Market Snapshot: Supply Chain Security

We all remember saying, “Where is all of the toilet paper?!” With the onset of the COVID-19 pandemic, supply chains – something we tend to take for granted – began gaining increased attention. Supply chains effect everything from the delivery of materials from a supplier to the manufacturer all the way through to its eventual delivery to the end user. In addition to these noteworthy challenges, the need to provide enhanced security in supply chain transactions is garnering increasing attention. Enter – blockchain – a method that will provide increased security and minimize cyberattacks on the supply chain.

MarketsandMarkets reports that post-COVID-19, the global logistics & supply chain industry market size is expected to grow at a Y-O-Y rate of 17.6% from 2020 to 2021, to reach $3,215 billion in 2021, up from $2,734 billion in 2020. This growth is primarily driven by the increasing supply of essential commodities, the creation of supply chain stabilization task force to fight COVID-19, and growing demand and distribution of personal protective equipment. With this overall growth comes an Increasing need for supply chain transparency and a rising demand for enhanced security of supply chain transactions. According to MarketsandMarkets, the global blockchain supply chain market size was $82.1 million in 2017 and is projected to reach $3,314.6 million by 2023, at a Compound Annual Growth Rate (CAGR) of 87.0% during the forecast period.

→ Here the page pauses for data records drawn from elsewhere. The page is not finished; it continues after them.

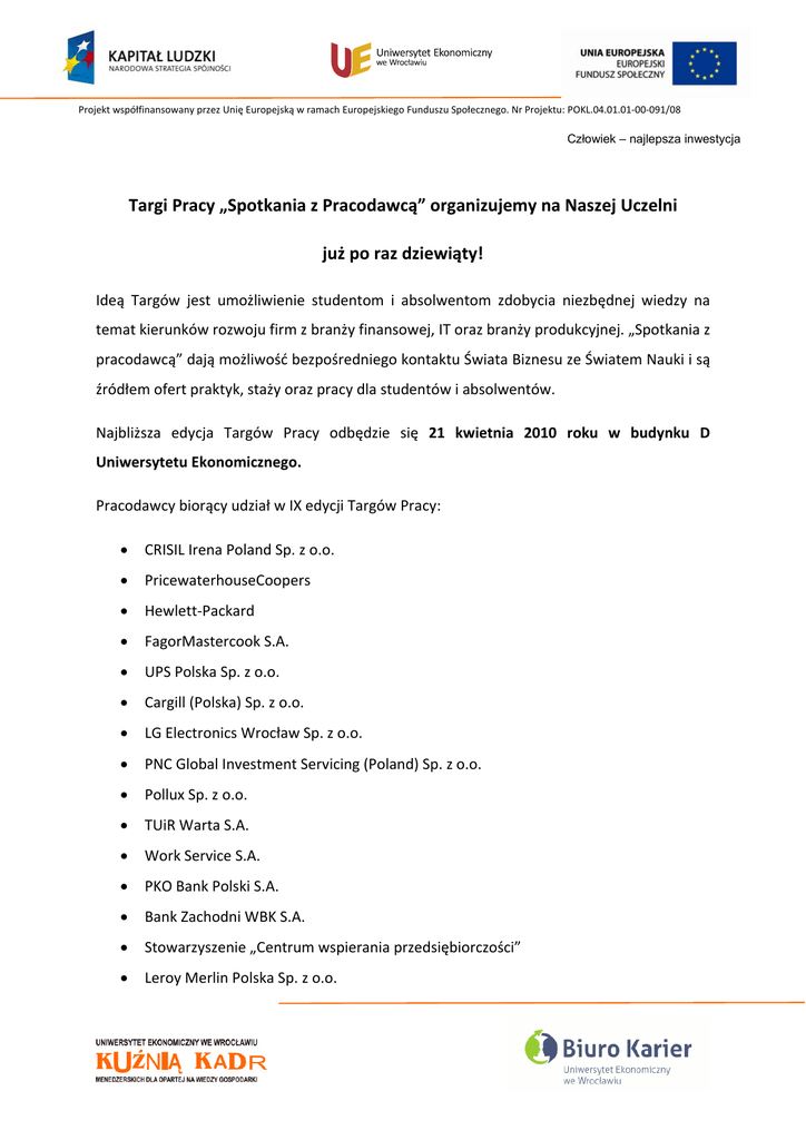 Projekt współfinansowany przez Unię Europejską w ramach Europejskiego Funduszu Społecznego. Nr Projektu: POKL.04.01.01‐00‐091/08 Człowiek – najlepsza inwestycja Targi Pracy „Spotkania z Pracodawcą” organizujemy na Naszej Uczelni już po raz dziewiąty! Ideą Targów jest umożliwienie studentom i absolwentom zdobycia niezbędnej wiedzy na temat kierunków rozwoju firm z branży finansowej, IT oraz branży produkcyjnej. „Spotkania z pracodawcą” dają możliwość bezpośredniego kontaktu Świata Biznesu ze Światem Nauki i są źródłem ofert praktyk, staży oraz pracy dla studentów i absolwentów. Najbliższa edycja Targów Pracy odbędzie się 21 kwietnia 2010 roku w budynku D Uniwersytetu Ekonomicznego. Pracodawcy biorący udział w IX edycji Targów Pracy: • CRISIL Irena Poland Sp. z o.o. • PricewaterhouseCoopers • Hewlett‐Packard • FagorMastercook S.A. • UPS Polska Sp. z o.o. • Cargill (Polska) Sp. z o.o. • LG Electronics Wrocław Sp. z o.o. • PNC Global Investment Servicing (Poland) Sp. z o.o. • Pollux Sp. z o.o. • TUiR Warta S.A. • Work Service S.A. • PKO Bank Polski S.A. • Bank Zachodni WBK S.A. • Stowarzyszenie „Centrum wspierania przedsiębiorczości” • Leroy Merlin Polska Sp. z o.o. Projekt współfinansowany przez Unię Europejską w ramach Europejskiego Funduszu Społecznego. Nr Projektu: POKL.04.01.01‐00‐091/08 • AXA Polska S.A. • ING Bank Polski S.A. • LKW Walter Internationale Transportorganisation AG • Dolnośląski Wojewódzki Urząd Pracy w Wałbrzychu • Centrum Informacji Zawodowej • Call Center Inter Galactica Sp. z o.o. • AG Test Hr Janusz Dziewit • Euro Bank S.A. • Top Emplyers Polska • Advisory Group TEST Human Resources • BRE BANK S.A. MultiBank • KarierawFinansach.pl Sp. z o.o. • Pozarządowy Ośrodek Kariery Człowiek – najlepsza inwestycja Serdecznie zapraszamy! Zespół Biura Karier i Promocji Zawodowej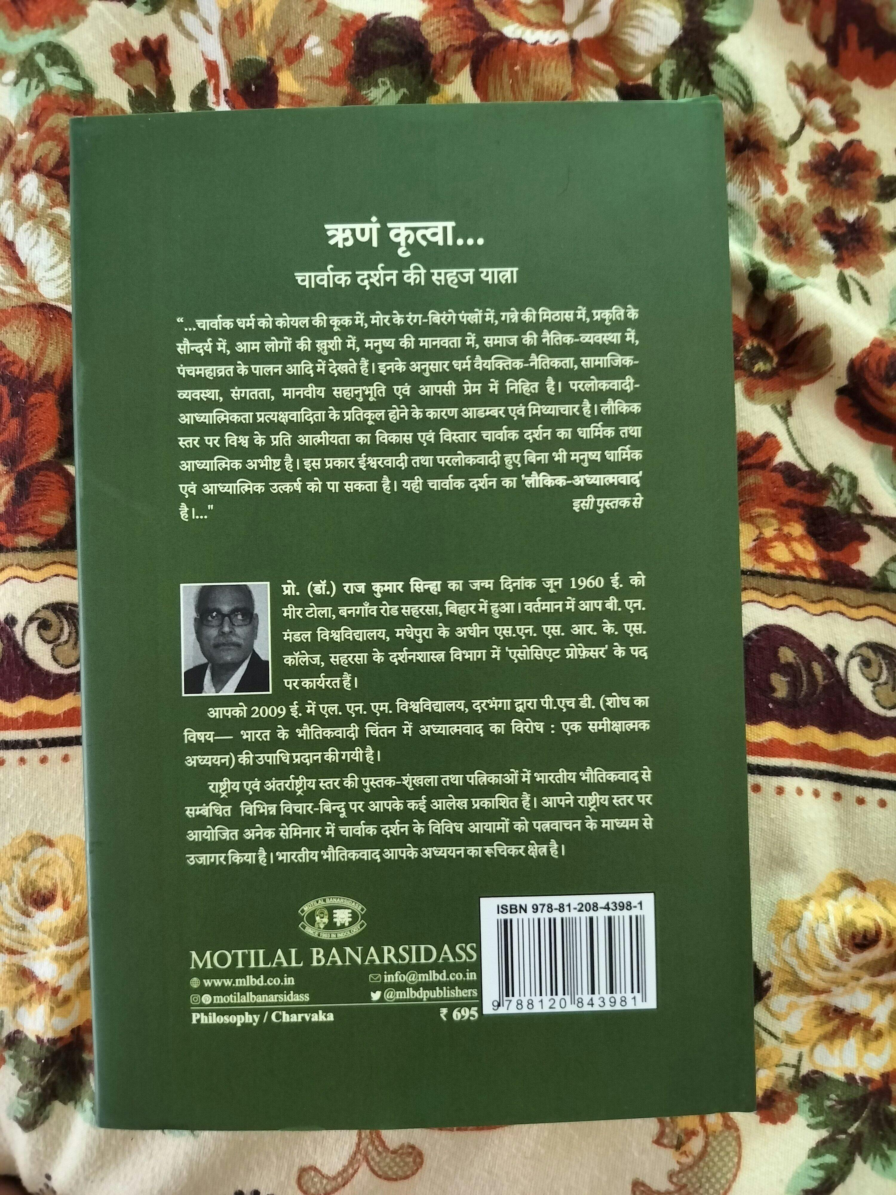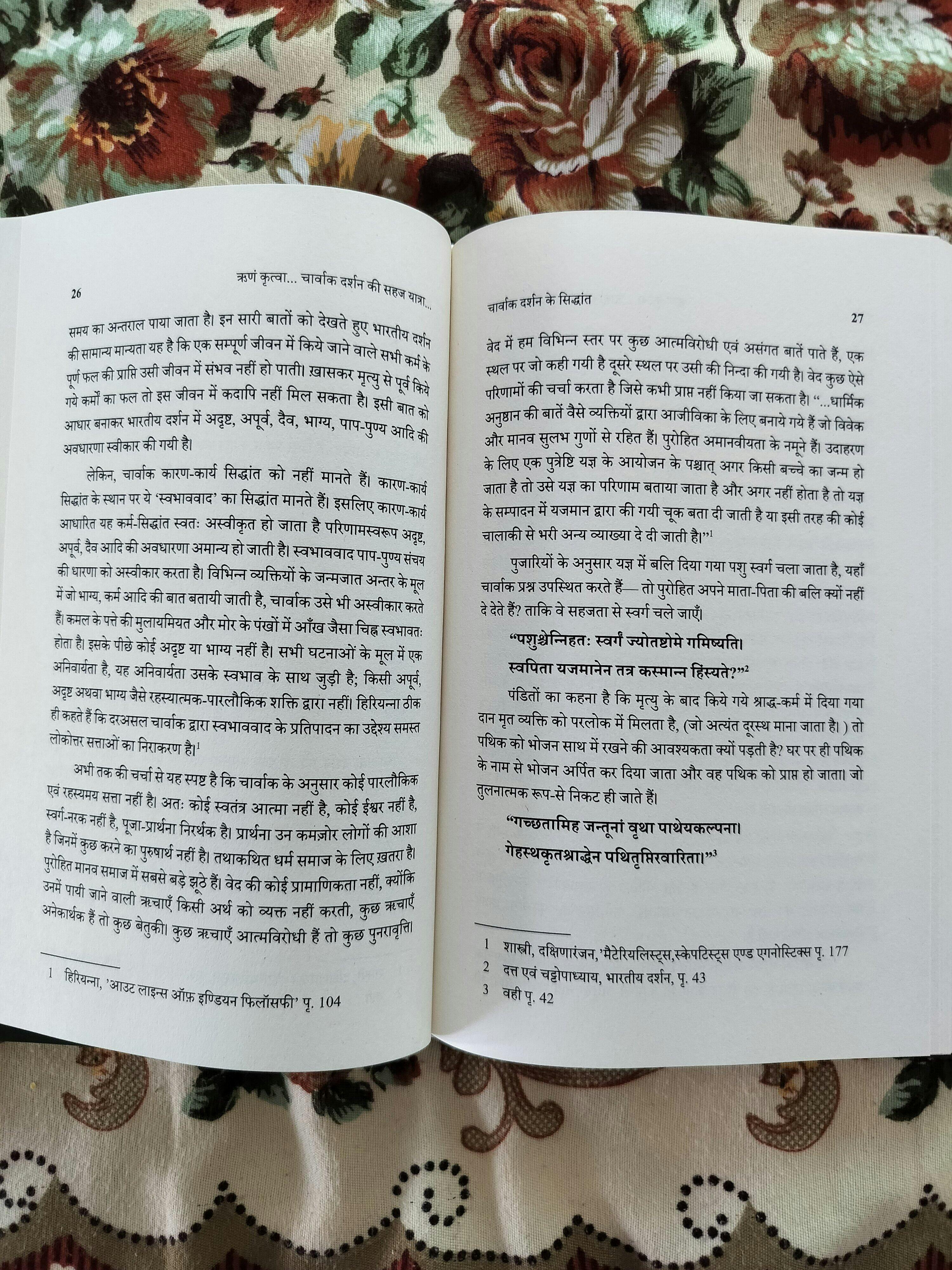 चार्वाक धर्म को कोयल की कूक में, मोर के रंग-बिरंगे पंखों में, गन्ने की मिठास में, प्रकृति के सौन्दर्य में, आम लोगों की ख़ुशी में, मनुष्य की मानवता में, समाज की नैतिक-व्यवस्था में, पंचमहाव्रत के पालन आदि में देखते हैं। इनके अनुसार धर्म वैयक्तिक-नैतिकता, सामाजिक- व्यवस्था, संगतता, मानवीय सहानुभूति एवं आपसी प्रेम में निहित है। परलोकवादी- आध्यात्मिकता प्रत्यक्षवादिता के प्रतिकूल होने के कारण आडम्बर एवं मिथ्याचार है। लौकिक स्तर पर विश्व के प्रति आत्मीयता का विकास एवं विस्तार चार्वाक दर्शन का धार्मिक तथा आध्यात्मिक अभीष्ट है । इस प्रकार ईश्वरवादी तथा परलोकवादी हुए बिना भी मनुष्य धार्मिक एवं आध्यात्मिक उत्कर्ष को पा सकता है। यही चार्वाक दर्शन का 'लौकिक-अध्यात्मवाद' है।..." इसी पुस्तक से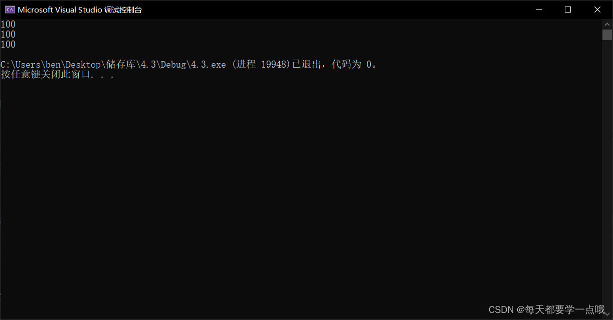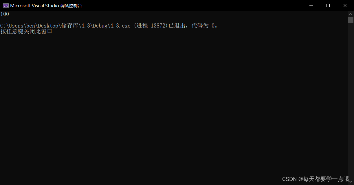 这个%d指的是打印(输出)的格式,即整型,后面的100是返回值,即打印的是100,\n的意思就像enter,空行的意思,如图: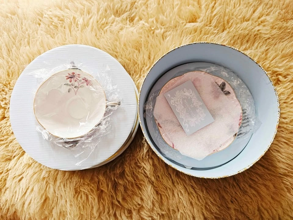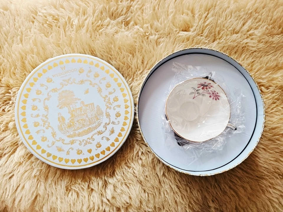 Cup and saucer are brand new and have only been removed from the original packaging for listing photos. Box shows light signs of wear from sitting in storage but is still in giftable condition.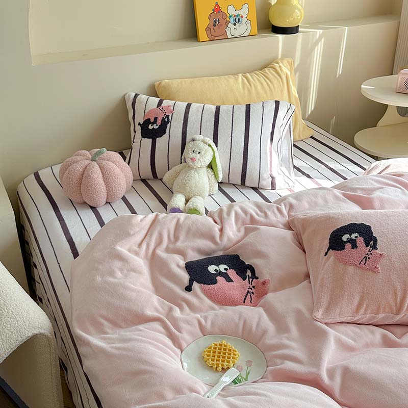 (总)柚子YOUTH 2025新款双面泰迪绒毛巾绣四件套,甜甜圈,快乐企鹅,森林聚会,甜酷KT,小茄子,雪人王国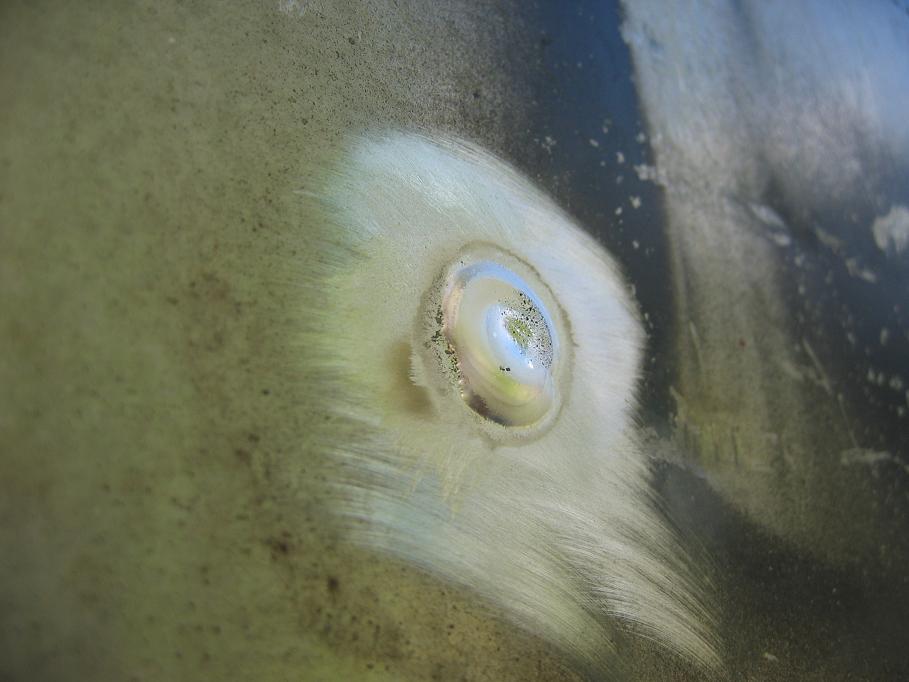 I then welded them up from the outside (inside was not very accessible as it was just behind the wood transom support piece.) It took a lot more welding current than I would have guessed to fill these holes (probably because of the copper backer!)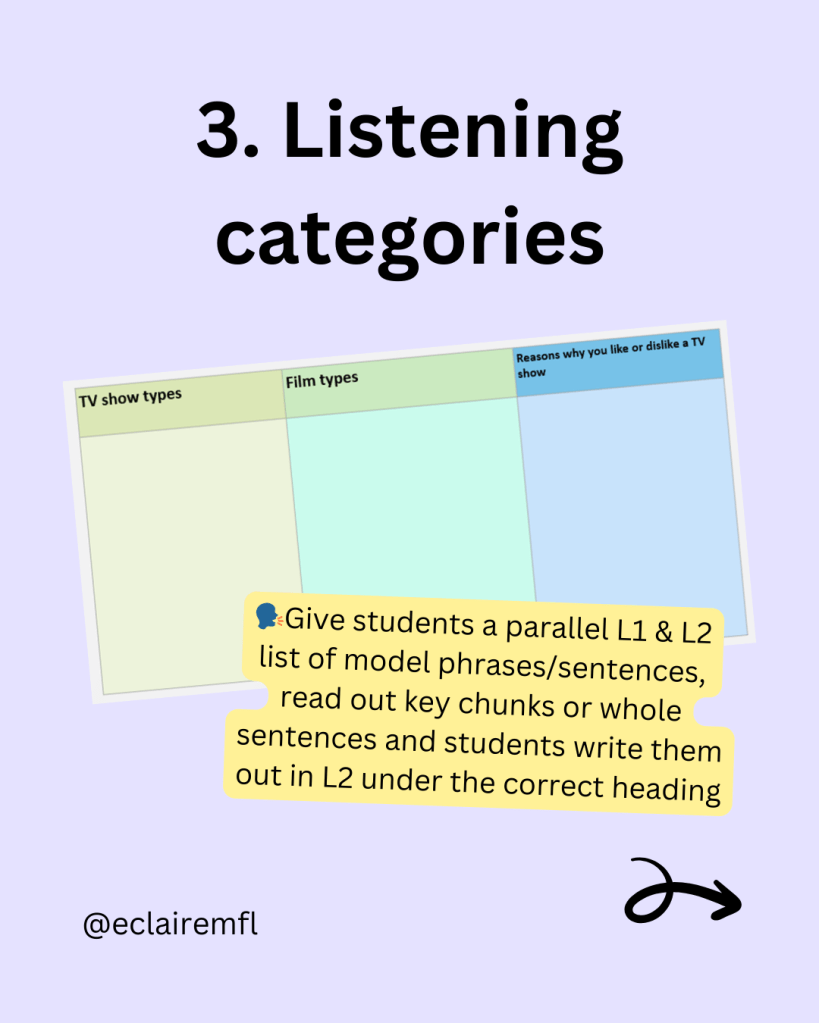- Students must listen, identify the phrase from the list and write it in the TL under the correct category heading.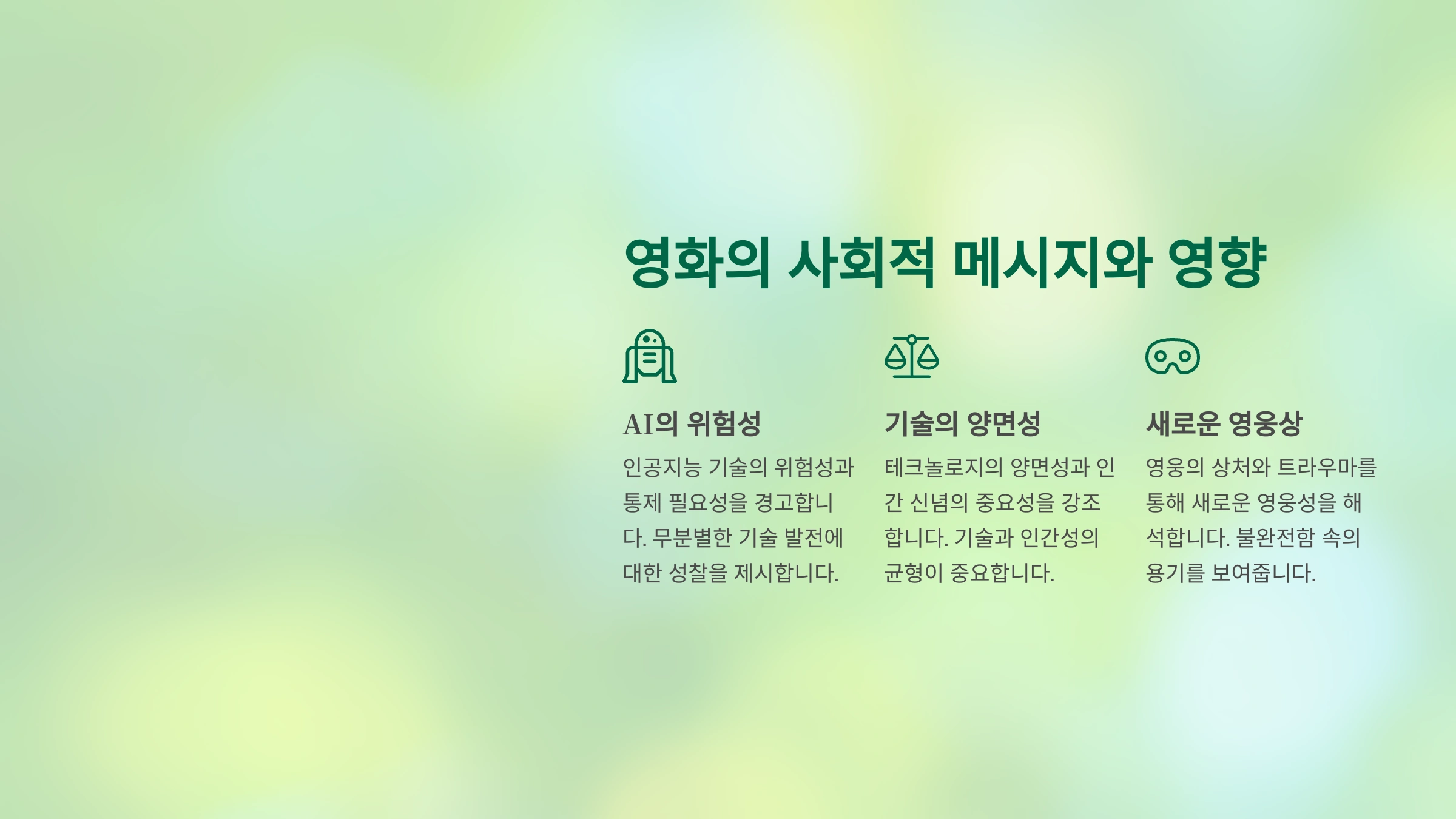 《미션 임파서블: 폴아웃》은 단순한 액션 블록버스터를 넘어 현대 사회의 중요한 문제들을 반영합니다. 테러리즘과 핵무기 확산에 대한 경고는 현실적인 위협을 상기시키며, 수원지 오염을 통한 인류 위협 설정은 환경 문제와 자원 안보의 중요성을 강조합니다.

The blockchain supply chain market ecosystem is made up of notable vendors, such as IBM (US), Microsoft (US), Oracle (US), SAP SE (Germany), AWS (US), Huawei (China), Bitfury (Netherlands), Auxesis Group (India), TIBCO Software (US), BTL Group (Canada), Applied Blockchain (UK), Guardtime (Estonia), Nodalblock (Spain), Peer Ledger (Canada), Blockverify (UK), TransChain (France), RecordsKeeper (Spain), Datex Corporation (US), Ownest (France), Omnichain (US), Traceparency (France), Digital Treasury Corporation (China), Chainvine (UK), VeChain (China), Algorythmix (India), and OpenXcell (US). These players tend to favor partnerships and new product launches as the key growth strategies to offer feature-rich blockchain technology solutions to their customers and further penetrate regions with unmet needs. Other stakeholders of the blockchain supply chain market include cryptocurrency vendors, research organizations, network and system integrators, blockchain service providers, distributed ledger technology solution providers, and technology providers.

Today, big data has become a key element in building business development strategies, and while the logistics and supply chain industry continue to grow, so does the amount of data generated. This increase in data coupled with the persistent requirement for a unified cost-saving solution is expected to drive demand for advanced analytics solutions across industry verticals. Additionally, as companies look to identify opportunities for cost-cutting and resource-savings, supply chain optimization grows in importance. Therefore, access to secure, accurate supply chain analytics provides companies with valuable insights into the root causes of losses and successes. The global supply chain analytics market size is expected to grow from $3.5 billion in 2020 to $8.8 billion by 2025, at a CAGR of 19.8% during the forecast period.

Enhancing supply chain security across government and industry is a key pillar of the National Counterintelligence Strategy of the United States 2020-2022, and in October 2020 the National Counterintelligence and Security Center (NCSC) released a new document, Supply Chain Risk Management: Reducing Threats to Key U.S. Supply Chains, to help private sector and U.S. Government stakeholders mitigate risks to America’s critical supply chains.  NIST also hosted virtual workshop in October 2020 building upon its prior guidance documents, Blockchain Technology, and Securing Manufacturing Industrial Control Systems.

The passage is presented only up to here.